28 and Unemployed - Part 1/3

Part 1/3 .....

Part 2/3 ....

Part 3/3 ......


I was a month past 28. Barely a year out of graduate school. Recent owner of a car after 3 years of dreading and 1 month of learning to drive. Happy with a job that wasn’t necessarily THE job, but was something. It paid the bills, maintained my visa status, gave me something to talk about in typical Indian gatherings when people asked what I did, and bought me enough time to decide where I wanted to see myself headed. I was married to my job- a classic case of an arranged marriage. We met on campus, the recruiters hooked us up, and although I didn’t love it at first sight, I learnt to appreciate the perks that came with it- a name, a recognition, a box of business cards with my work designation boldly imprinted under my name, an unbeatable security, a boost to my self-confidence, a steady paycheck that took care of my passion for travel, and enough time and energy to pursue it. A double masters graduate (a PhD dropout actually), I told myself that I would never go back to school to finish my PhD. There was no pride living the life of an overworked and underpaid PhD student, and the smart way was to get a job and have a life. As I drove to work every morning, listening to the bleak updates of the recession on the National Public Radio, of people losing jobs and organizations downsizing, my heart reached out to these people I did not know. I told myself I was the luckiest person to hold on to my job, more so because I was single and did not have a “fallback option” for a husband. The security that came with my job was something worth every hour I spend doing mundane stuff in office, not knowing who would care about my work if I died working on it. Little did I know about the ill-fated layoff that was awaiting me.

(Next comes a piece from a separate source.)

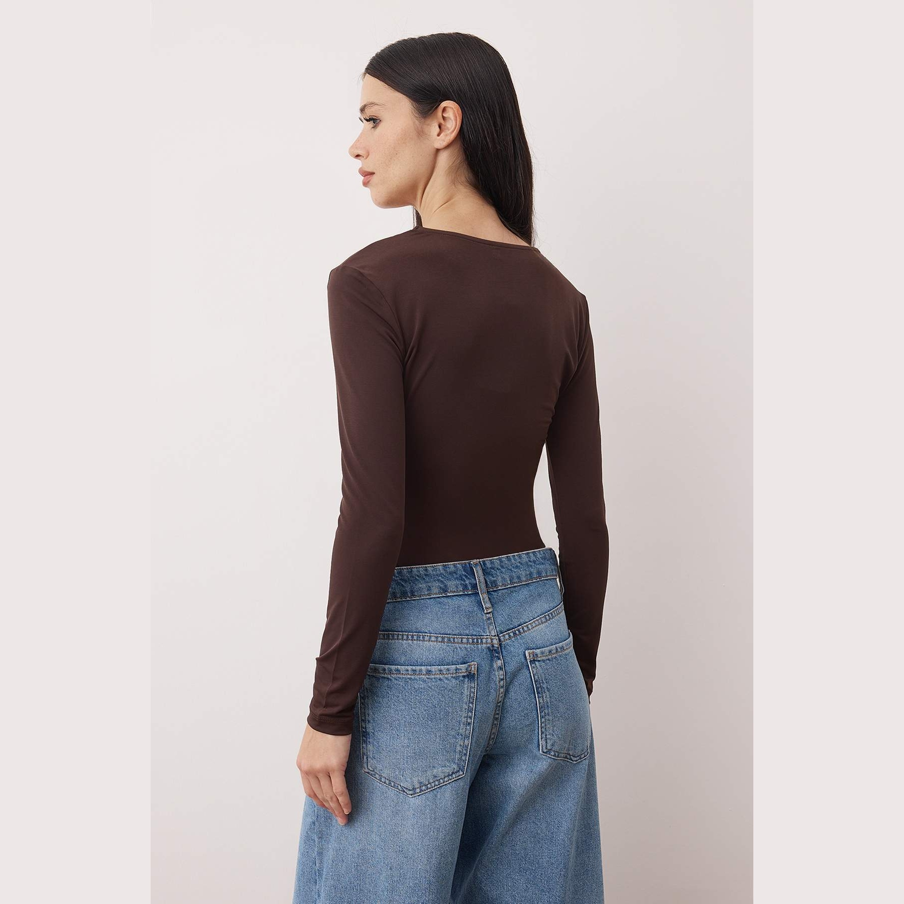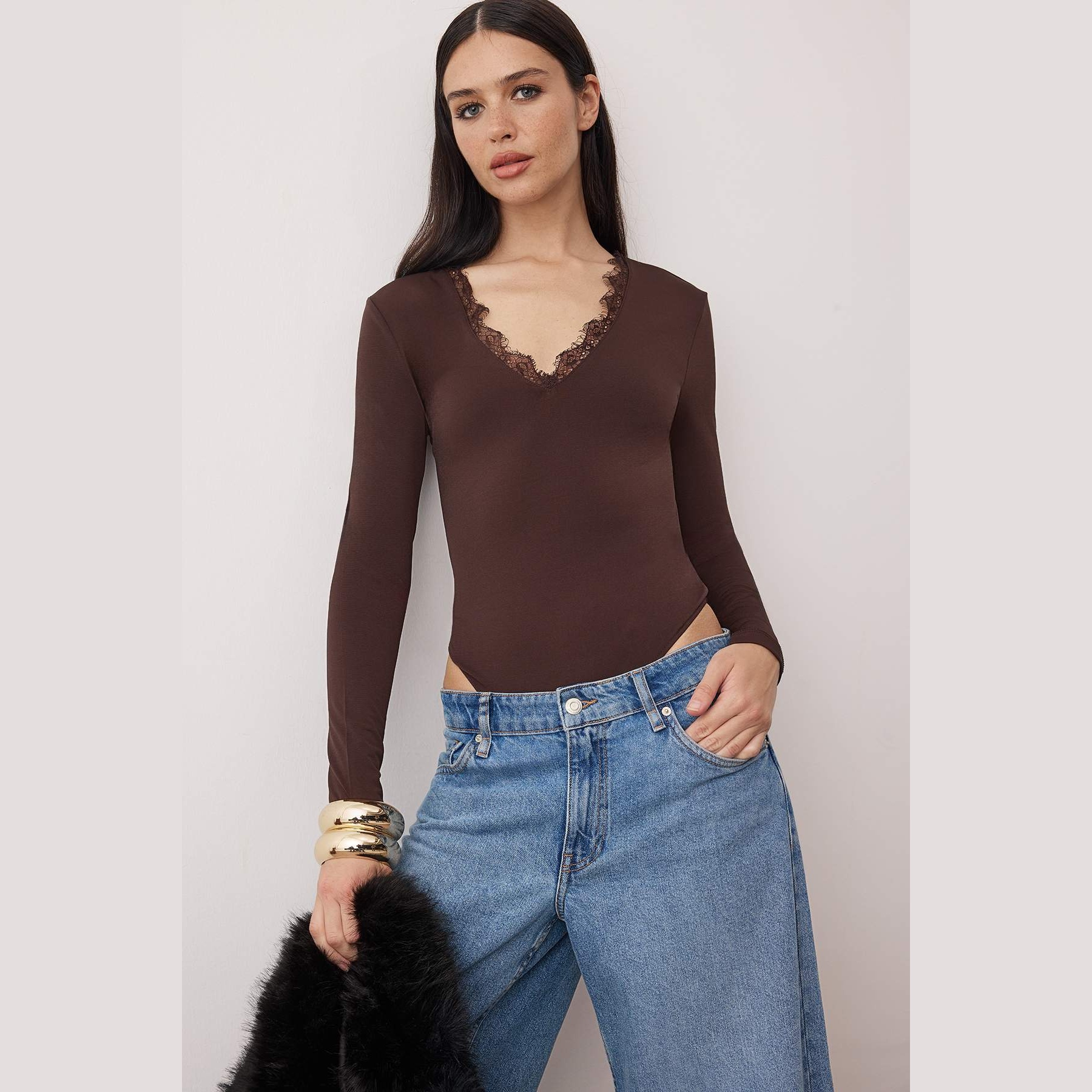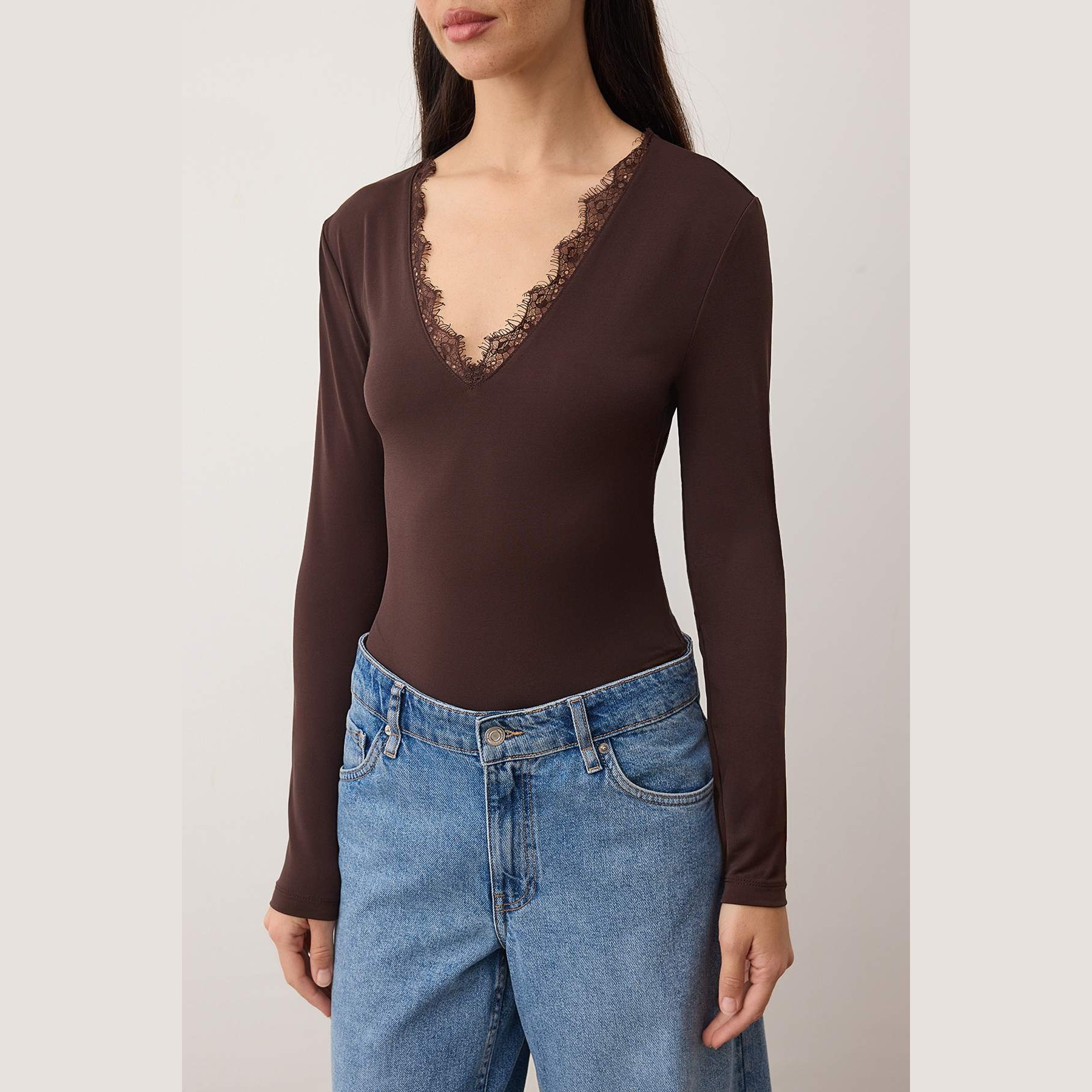 بودي نسائي بلون بني، مصنوع من خامة تريكو مطاطية بتركيبة قطنية مريحة، يتميز بياقة V مزينة بالدانتيل تضيف لمسة أنثوية راقية، مع قصة Fitted تبرز القوام، وإغلاق سفلي بصَفّاطات عملية. تصميم مثالي للإطلالات اليومية أو المسائية المحتشمة.

When the clock struck twelve, I stood in the cold and rain, watching the fireworks explode over the Space Needle. Squished in a merrymaking crowd in a pub, I had welcomed the New Year with unemployment. No more playing office every morning. No more pay checks for an indefinite period of time. Unemployed, penniless, homeless, visa-less, and barely a year out of graduate school, I had cried broken-heartedly for all the catharsis in my life.


To be continued .....

2 comments:

Padmanabhan said...

I remember reading your posts then. Your writing was interesting and well written. But once this happened, you were on a roll! Seriously on a roll!

sunshine said...

Padmanabhan, tell me about those days of unemployment. It still gives me nightmares.